**Your task:** Leave out the images and repeat every entry below exactly.

Stored records
^^^^^^^^^^^^^^^^
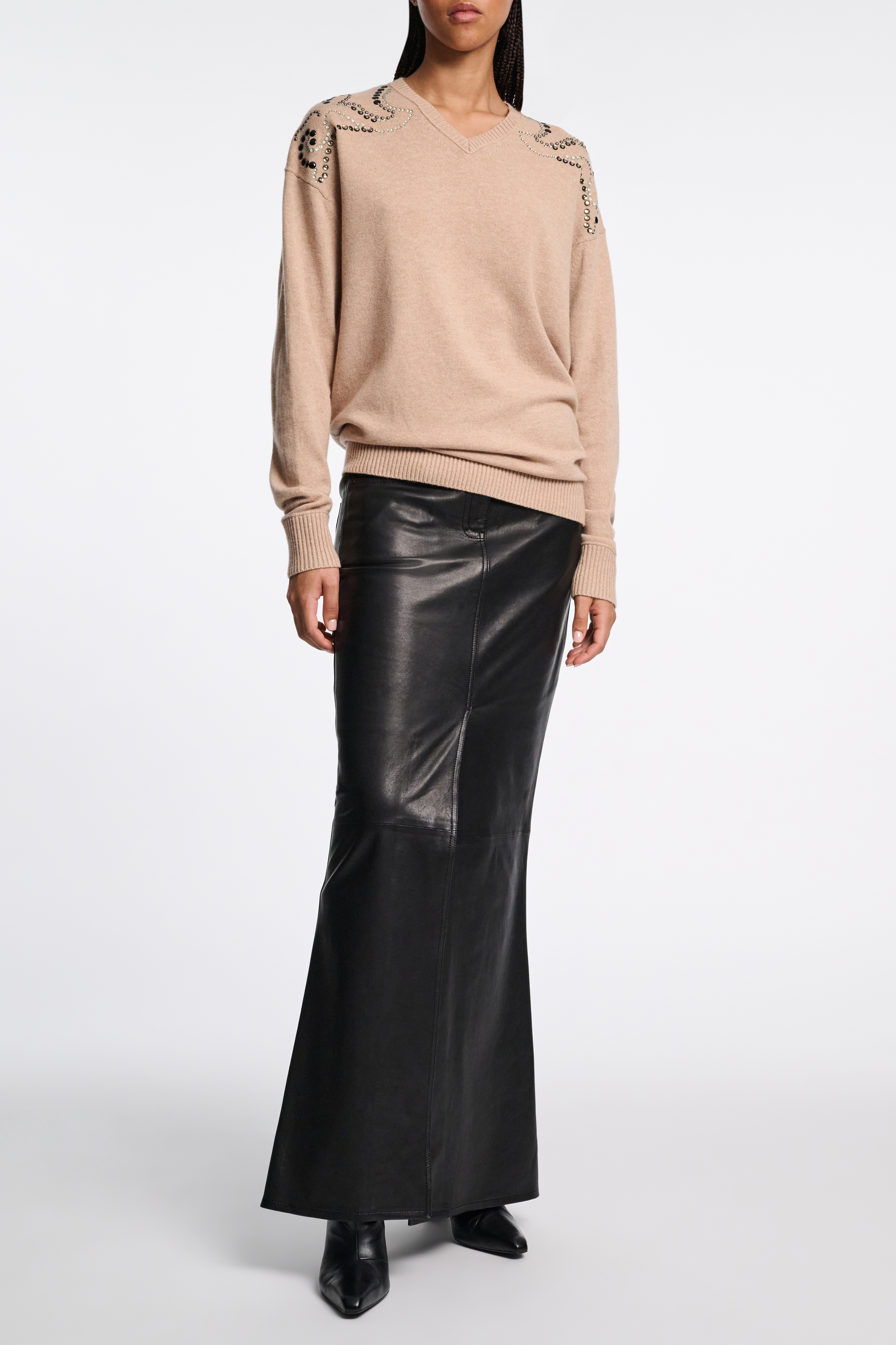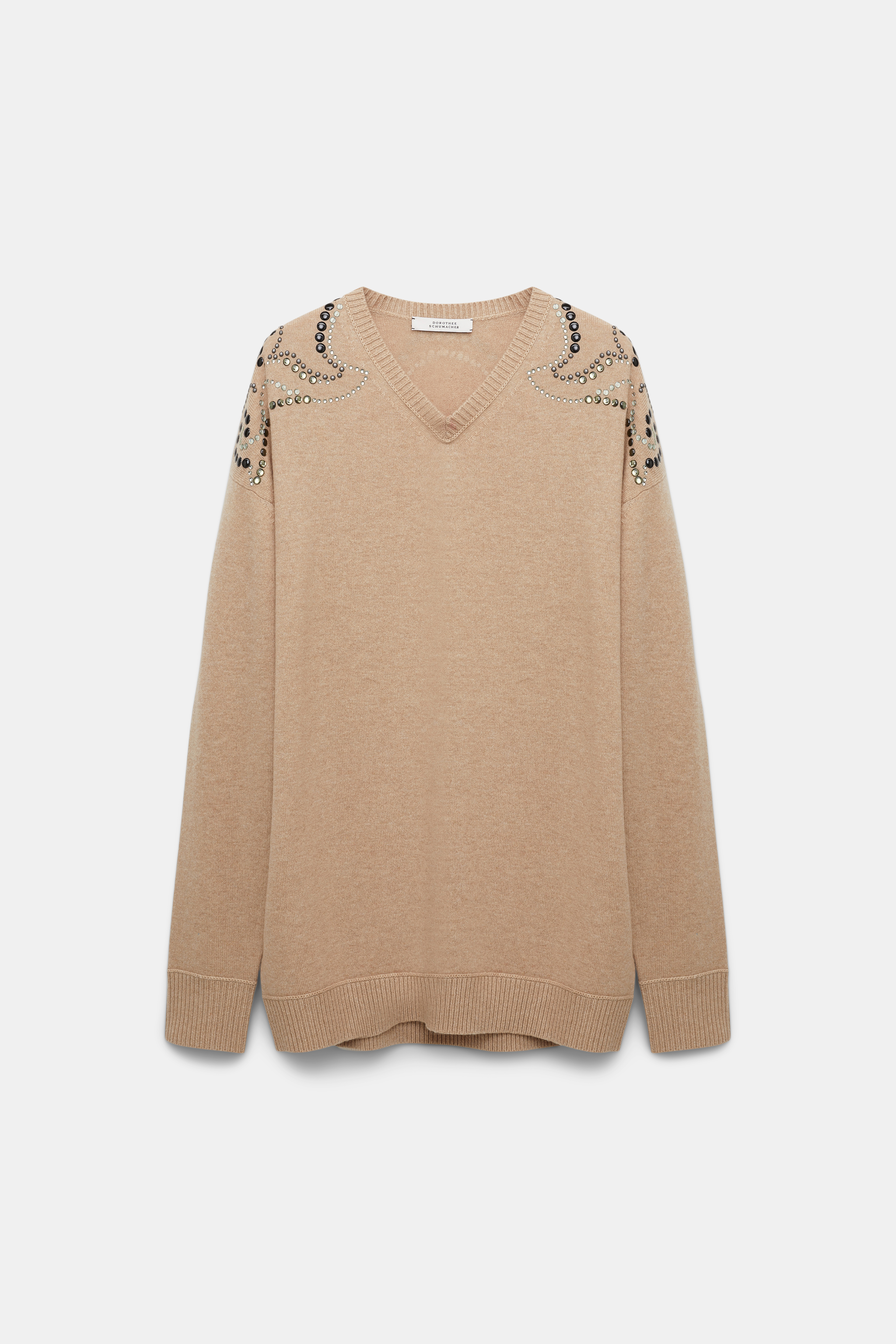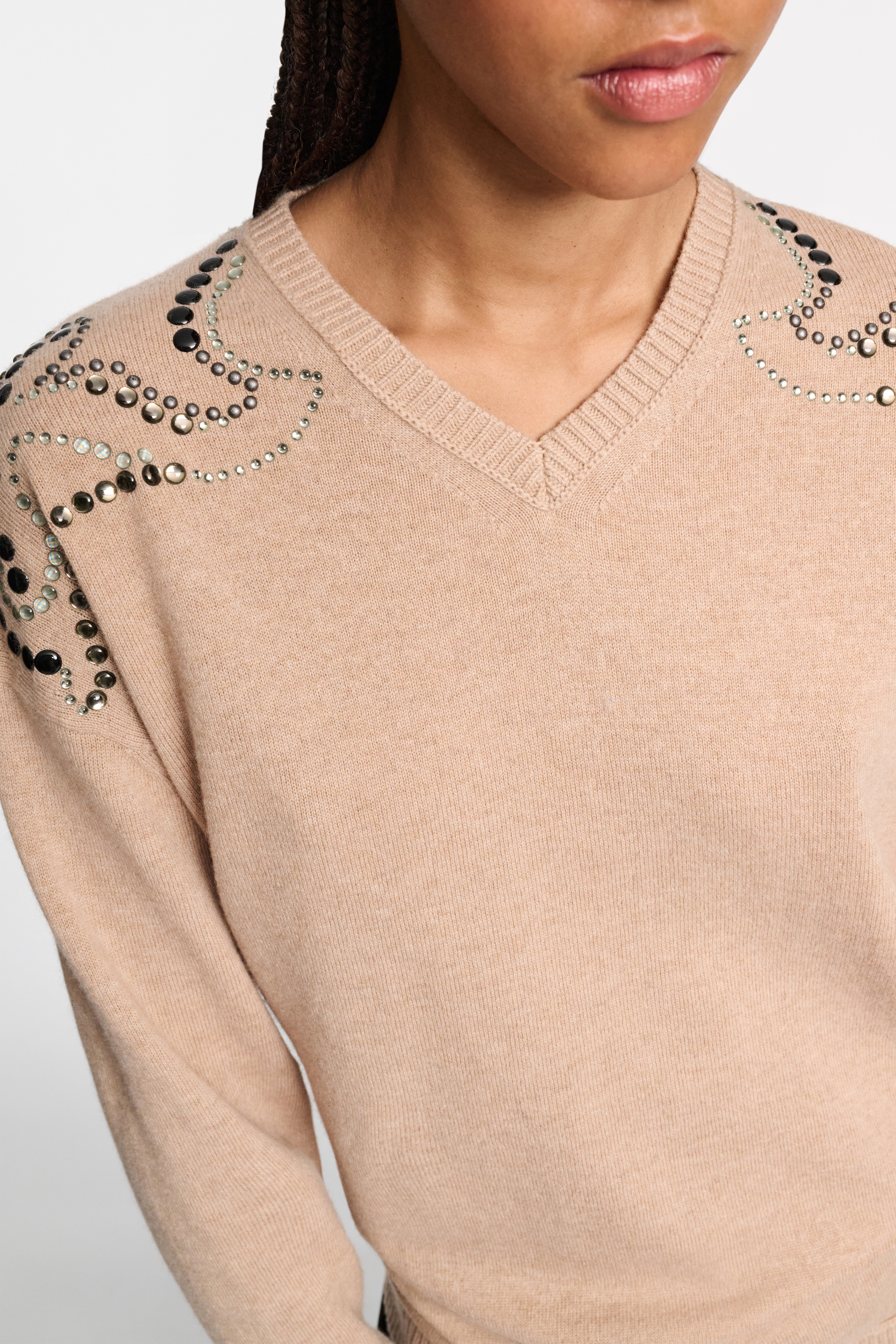 Der Pullover ist aus einem Merino-Kaschmir Mix gefertigt.
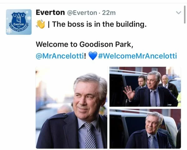 Carlo Ancelotti è ormai il nuovo allenatore dell’Everton, l’ex tecnico del Napoli è arrivato a Goodison Park e i Toffees gli hanno riservato un’accoglienza sui profili social.
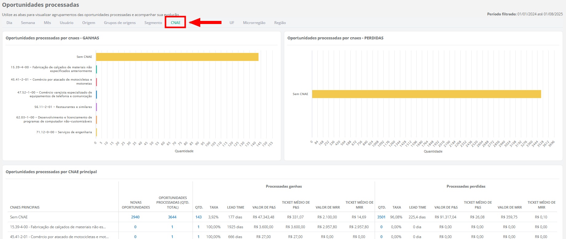 CNAE : classifica conforme o código da Classificação Nacional de Atividades Econômicas vinculado ao cliente ou oportunidade;
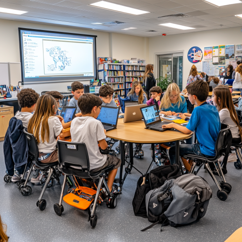 A classroom scene showing students of various abilities collaborating on a project, with tools like laptops and adaptive devices in use, a warm and supportive atmosphere that highlights the importance of inclusivity and equal opportunities in education
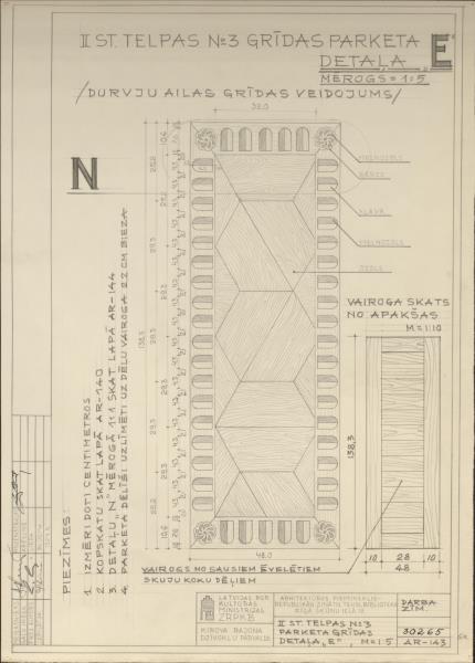 Dzīvojamā ēka. 2. stāva telpas grīdas parketa detaļa ( Rīga. Šķūņu iela 17.)
^^^^^^^^^^^^^^^^
**Result for this exercise:**
 Der Pullover ist aus einem Merino-Kaschmir Mix gefertigt.
 Carlo Ancelotti è ormai il nuovo allenatore dell’Everton, l’ex tecnico del Napoli è arrivato a Goodison Park e i Toffees gli hanno riservato un’accoglienza sui profili social.
 CNAE : classifica conforme o código da Classificação Nacional de Atividades Econômicas vinculado ao cliente ou oportunidade;
 A classroom scene showing students of various abilities collaborating on a project, with tools like laptops and adaptive devices in use, a warm and supportive atmosphere that highlights the importance of inclusivity and equal opportunities in education
 Dzīvojamā ēka. 2. stāva telpas grīdas parketa detaļa ( Rīga. Šķūņu iela 17.)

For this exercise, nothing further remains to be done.